• Task
Reproduce, exactly and in full, the lines from the one with "Product Name Switching" through the one with "La prova radicale." in the data below; drop pictures.

Source data Start Marker

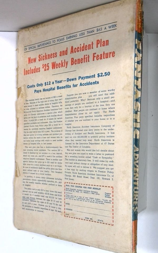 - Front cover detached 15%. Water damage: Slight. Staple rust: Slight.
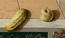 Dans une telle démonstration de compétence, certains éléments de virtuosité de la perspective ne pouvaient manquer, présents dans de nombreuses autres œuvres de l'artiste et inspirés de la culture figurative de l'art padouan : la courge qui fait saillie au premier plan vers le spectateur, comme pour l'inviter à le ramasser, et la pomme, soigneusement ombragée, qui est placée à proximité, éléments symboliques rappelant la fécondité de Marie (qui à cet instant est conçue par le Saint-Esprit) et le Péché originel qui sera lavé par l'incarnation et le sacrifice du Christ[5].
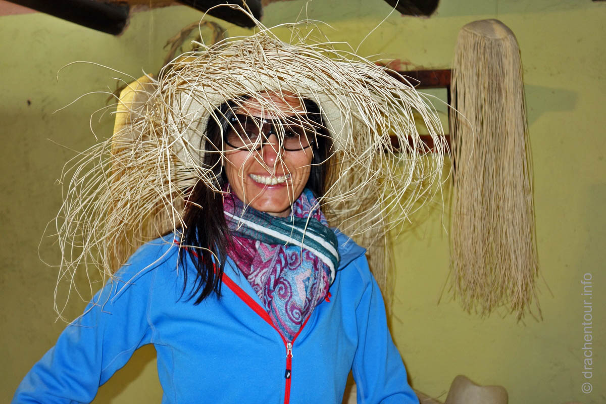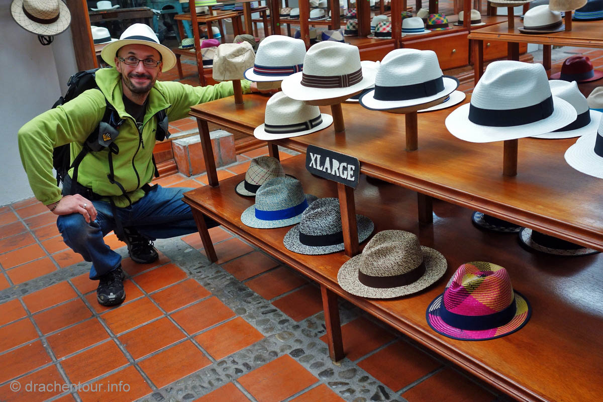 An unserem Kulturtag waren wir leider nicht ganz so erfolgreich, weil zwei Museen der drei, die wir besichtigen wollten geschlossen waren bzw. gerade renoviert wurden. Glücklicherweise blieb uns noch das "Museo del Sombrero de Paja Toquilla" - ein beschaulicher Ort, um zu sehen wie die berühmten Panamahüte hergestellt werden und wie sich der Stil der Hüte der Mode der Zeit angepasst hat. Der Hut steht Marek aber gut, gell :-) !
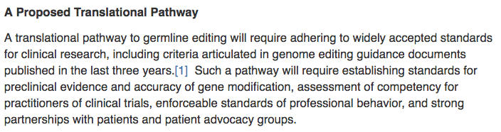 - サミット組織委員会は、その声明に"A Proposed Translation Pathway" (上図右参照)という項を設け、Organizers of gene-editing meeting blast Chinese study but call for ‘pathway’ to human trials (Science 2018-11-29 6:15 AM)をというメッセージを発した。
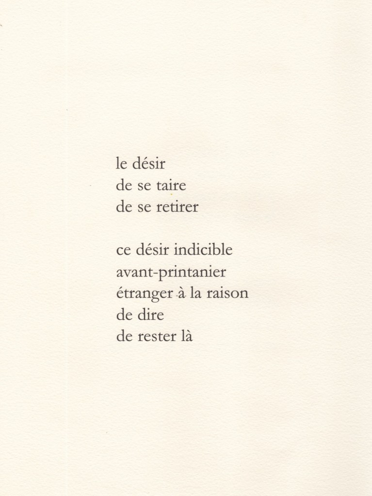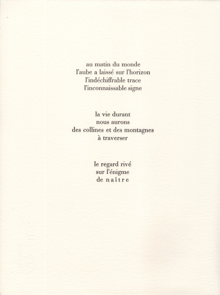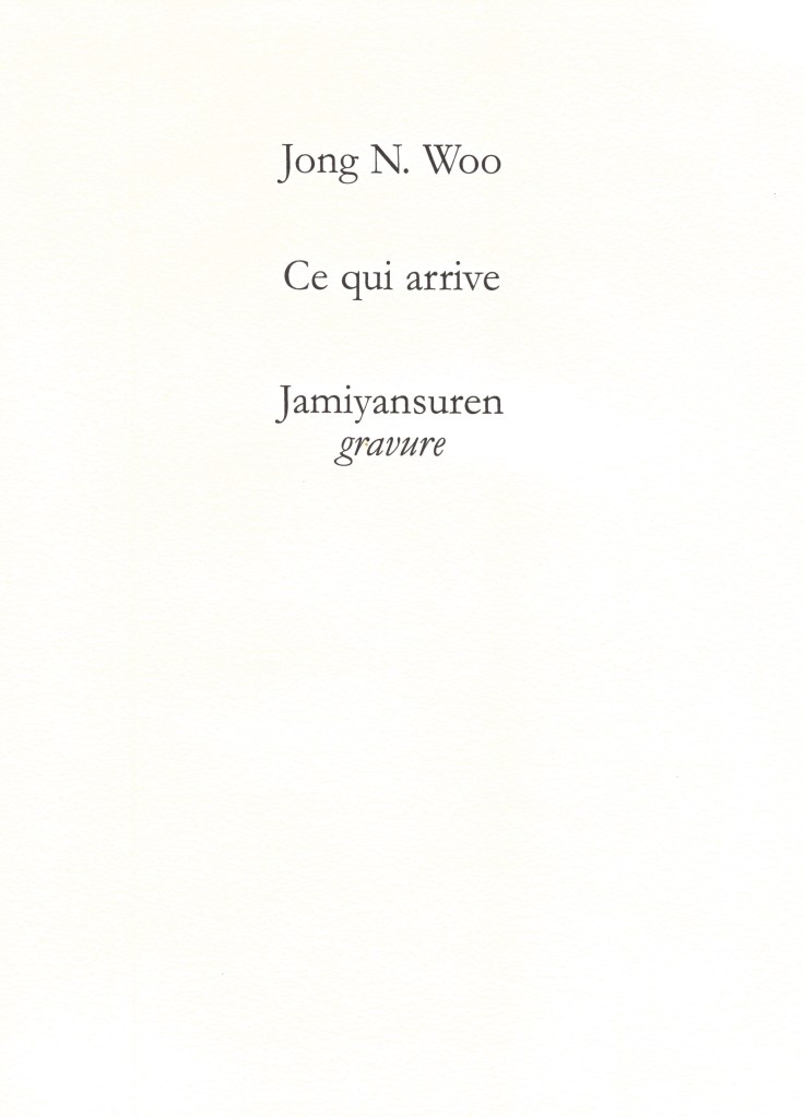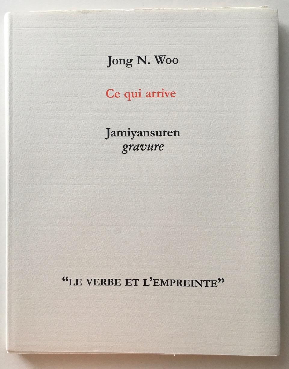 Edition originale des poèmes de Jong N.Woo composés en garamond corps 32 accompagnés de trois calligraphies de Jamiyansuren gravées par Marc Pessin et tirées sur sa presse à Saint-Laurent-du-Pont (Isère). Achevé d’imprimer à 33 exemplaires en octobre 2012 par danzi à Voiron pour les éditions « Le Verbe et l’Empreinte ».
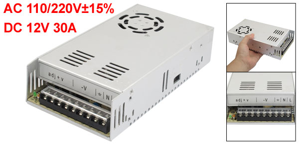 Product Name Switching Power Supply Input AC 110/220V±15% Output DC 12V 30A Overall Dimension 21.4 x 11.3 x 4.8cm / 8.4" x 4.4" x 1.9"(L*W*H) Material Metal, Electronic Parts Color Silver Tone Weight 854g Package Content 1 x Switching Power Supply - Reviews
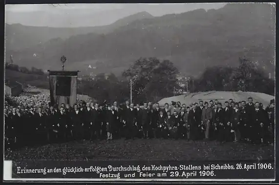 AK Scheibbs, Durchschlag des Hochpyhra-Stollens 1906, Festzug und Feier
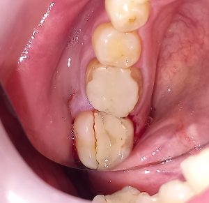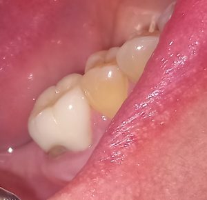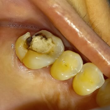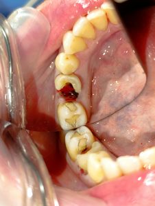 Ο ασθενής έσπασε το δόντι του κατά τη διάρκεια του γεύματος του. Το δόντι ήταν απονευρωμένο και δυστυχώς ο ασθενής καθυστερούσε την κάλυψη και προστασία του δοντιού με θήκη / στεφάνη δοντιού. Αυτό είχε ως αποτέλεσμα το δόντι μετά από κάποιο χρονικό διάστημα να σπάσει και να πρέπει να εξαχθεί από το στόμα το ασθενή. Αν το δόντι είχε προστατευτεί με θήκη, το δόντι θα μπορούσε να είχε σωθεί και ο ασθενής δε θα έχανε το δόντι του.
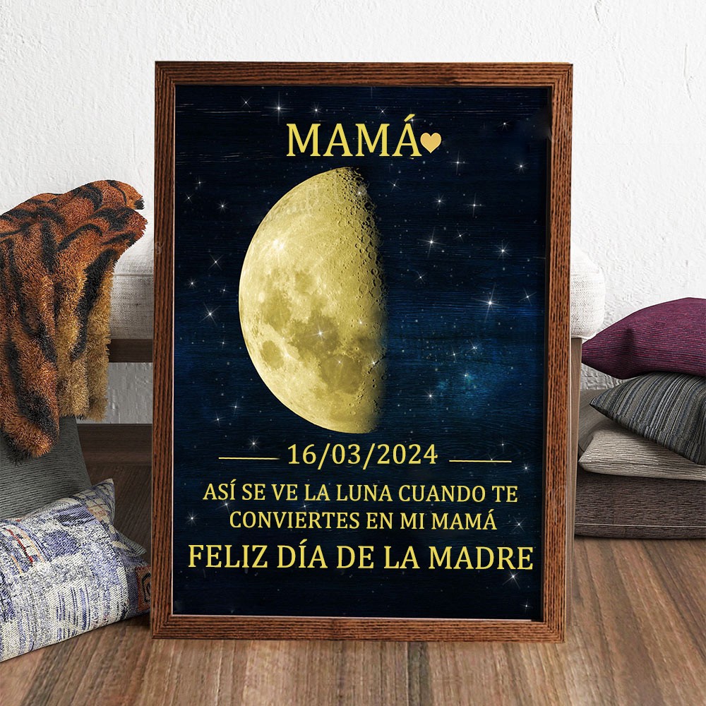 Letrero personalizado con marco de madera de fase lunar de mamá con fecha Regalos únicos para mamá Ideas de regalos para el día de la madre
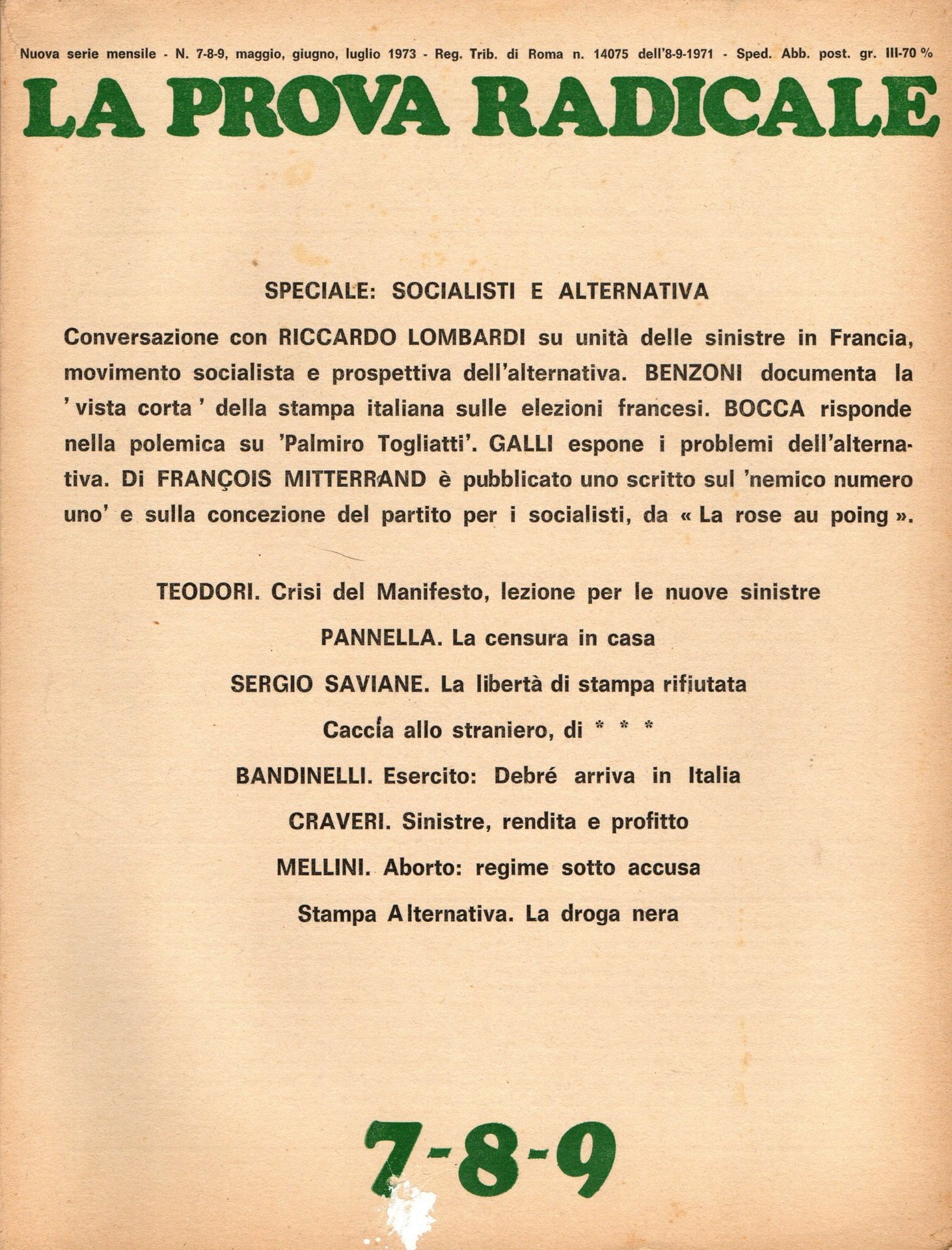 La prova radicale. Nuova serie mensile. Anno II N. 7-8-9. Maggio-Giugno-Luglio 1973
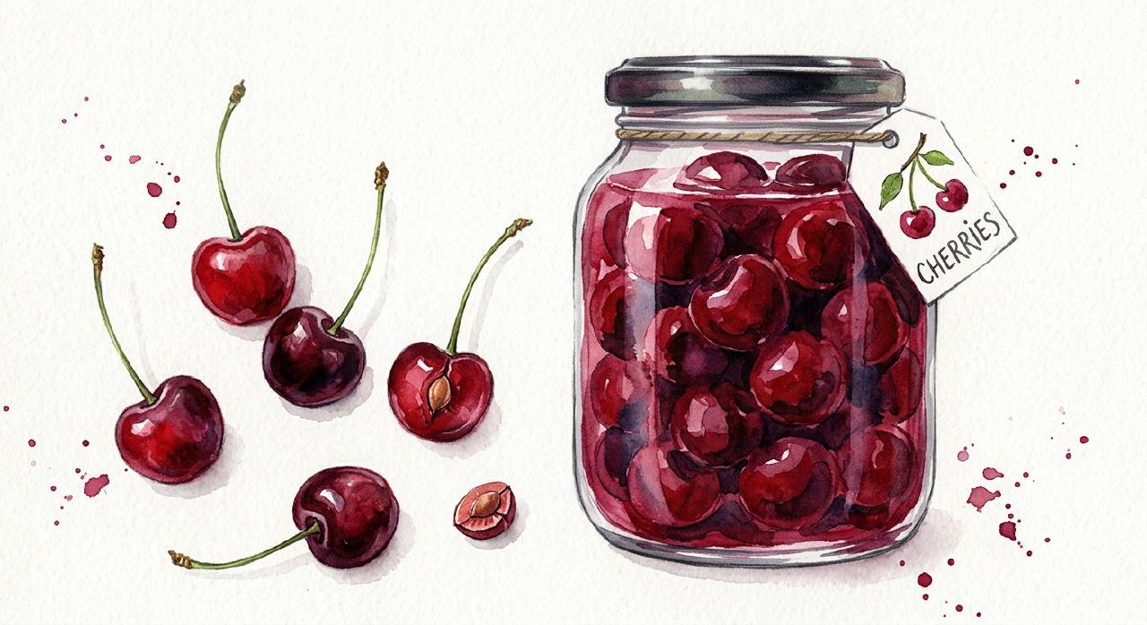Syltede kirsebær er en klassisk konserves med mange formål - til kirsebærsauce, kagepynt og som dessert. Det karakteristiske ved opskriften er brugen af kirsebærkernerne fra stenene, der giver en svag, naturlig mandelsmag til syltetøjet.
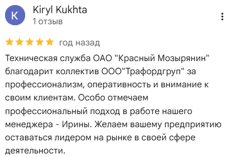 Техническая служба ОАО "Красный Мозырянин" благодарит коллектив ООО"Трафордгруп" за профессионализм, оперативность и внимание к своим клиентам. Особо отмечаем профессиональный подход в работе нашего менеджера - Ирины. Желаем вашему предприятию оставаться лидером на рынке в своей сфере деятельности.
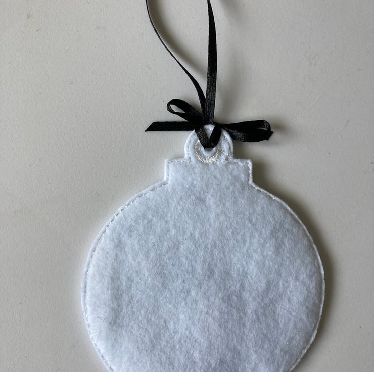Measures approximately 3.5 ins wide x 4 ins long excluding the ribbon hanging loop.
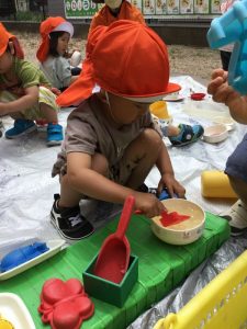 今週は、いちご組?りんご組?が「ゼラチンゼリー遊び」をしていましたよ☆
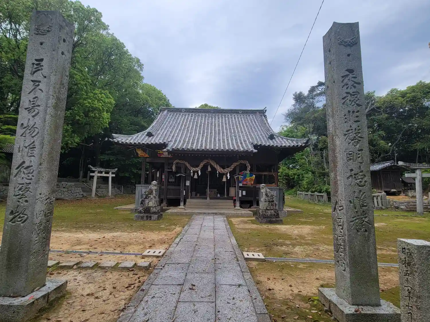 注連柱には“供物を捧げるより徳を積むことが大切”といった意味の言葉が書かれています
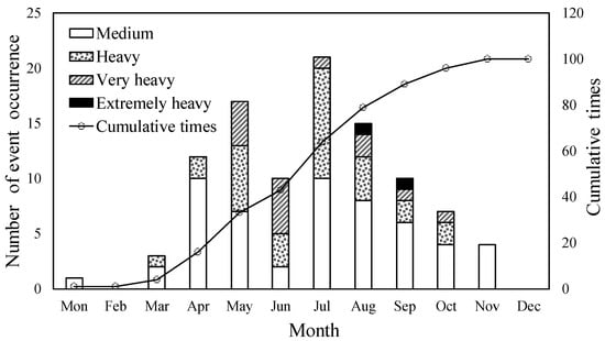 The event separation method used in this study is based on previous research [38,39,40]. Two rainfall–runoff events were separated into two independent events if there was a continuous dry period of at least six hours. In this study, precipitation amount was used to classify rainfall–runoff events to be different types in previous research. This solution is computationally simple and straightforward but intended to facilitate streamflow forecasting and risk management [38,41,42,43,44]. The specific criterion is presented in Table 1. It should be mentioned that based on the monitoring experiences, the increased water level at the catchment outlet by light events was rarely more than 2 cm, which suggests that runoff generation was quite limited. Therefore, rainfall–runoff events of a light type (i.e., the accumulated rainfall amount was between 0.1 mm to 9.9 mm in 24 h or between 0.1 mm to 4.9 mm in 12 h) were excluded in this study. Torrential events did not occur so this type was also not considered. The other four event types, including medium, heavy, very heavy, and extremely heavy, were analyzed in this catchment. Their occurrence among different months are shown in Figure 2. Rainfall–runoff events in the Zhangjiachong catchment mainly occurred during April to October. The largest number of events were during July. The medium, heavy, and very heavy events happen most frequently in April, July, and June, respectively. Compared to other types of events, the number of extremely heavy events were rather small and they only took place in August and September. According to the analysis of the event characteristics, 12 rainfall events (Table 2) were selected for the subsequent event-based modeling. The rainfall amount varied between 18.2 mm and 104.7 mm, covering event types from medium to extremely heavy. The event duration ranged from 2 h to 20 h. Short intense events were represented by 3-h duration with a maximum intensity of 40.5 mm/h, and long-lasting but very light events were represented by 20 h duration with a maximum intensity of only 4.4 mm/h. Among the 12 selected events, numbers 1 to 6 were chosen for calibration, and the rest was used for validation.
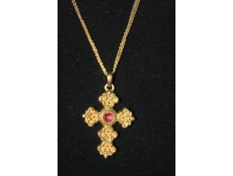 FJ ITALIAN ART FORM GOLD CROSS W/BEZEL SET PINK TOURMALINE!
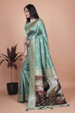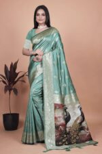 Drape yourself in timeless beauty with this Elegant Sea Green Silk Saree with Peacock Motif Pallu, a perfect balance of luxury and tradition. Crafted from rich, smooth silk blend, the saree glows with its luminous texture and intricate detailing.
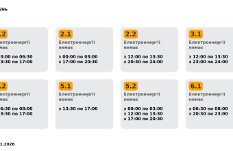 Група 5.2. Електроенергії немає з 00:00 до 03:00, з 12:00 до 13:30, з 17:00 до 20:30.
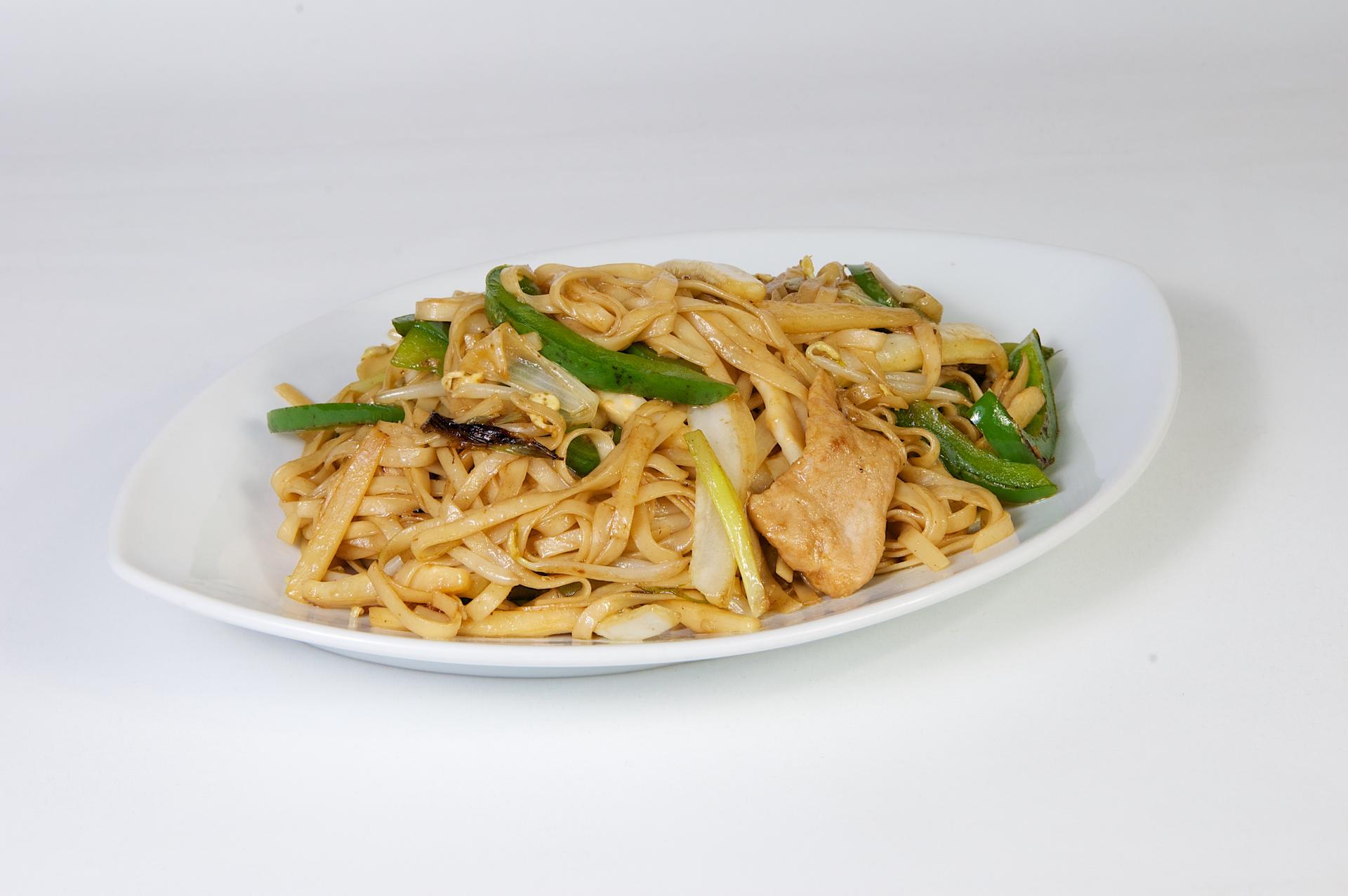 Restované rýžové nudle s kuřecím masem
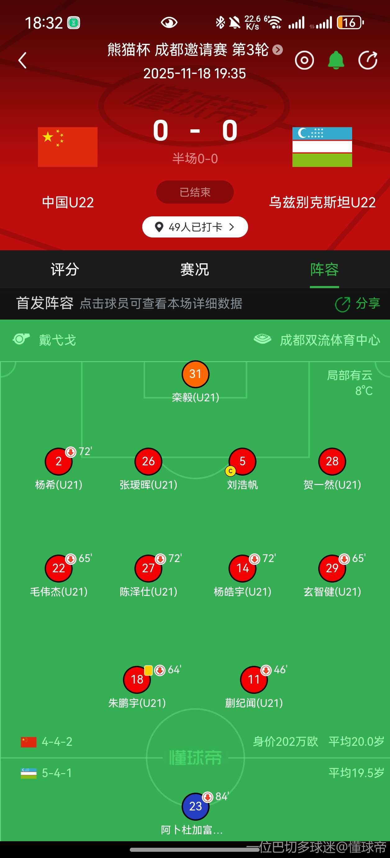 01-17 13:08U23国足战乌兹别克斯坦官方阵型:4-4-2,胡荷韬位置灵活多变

Source data End Marker

• Answer section
 Product Name Switching Power Supply Input AC 110/220V±15% Output DC 12V 30A Overall Dimension 21.4 x 11.3 x 4.8cm / 8.4" x 4.4" x 1.9"(L*W*H) Material Metal, Electronic Parts Color Silver Tone Weight 854g Package Content 1 x Switching Power Supply - Reviews
 AK Scheibbs, Durchschlag des Hochpyhra-Stollens 1906, Festzug und Feier
 Ο ασθενής έσπασε το δόντι του κατά τη διάρκεια του γεύματος του. Το δόντι ήταν απονευρωμένο και δυστυχώς ο ασθενής καθυστερούσε την κάλυψη και προστασία του δοντιού με θήκη / στεφάνη δοντιού. Αυτό είχε ως αποτέλεσμα το δόντι μετά από κάποιο χρονικό διάστημα να σπάσει και να πρέπει να εξαχθεί από το στόμα το ασθενή. Αν το δόντι είχε προστατευτεί με θήκη, το δόντι θα μπορούσε να είχε σωθεί και ο ασθενής δε θα έχανε το δόντι του.
 Letrero personalizado con marco de madera de fase lunar de mamá con fecha Regalos únicos para mamá Ideas de regalos para el día de la madre
 La prova radicale. Nuova serie mensile. Anno II N. 7-8-9. Maggio-Giugno-Luglio 1973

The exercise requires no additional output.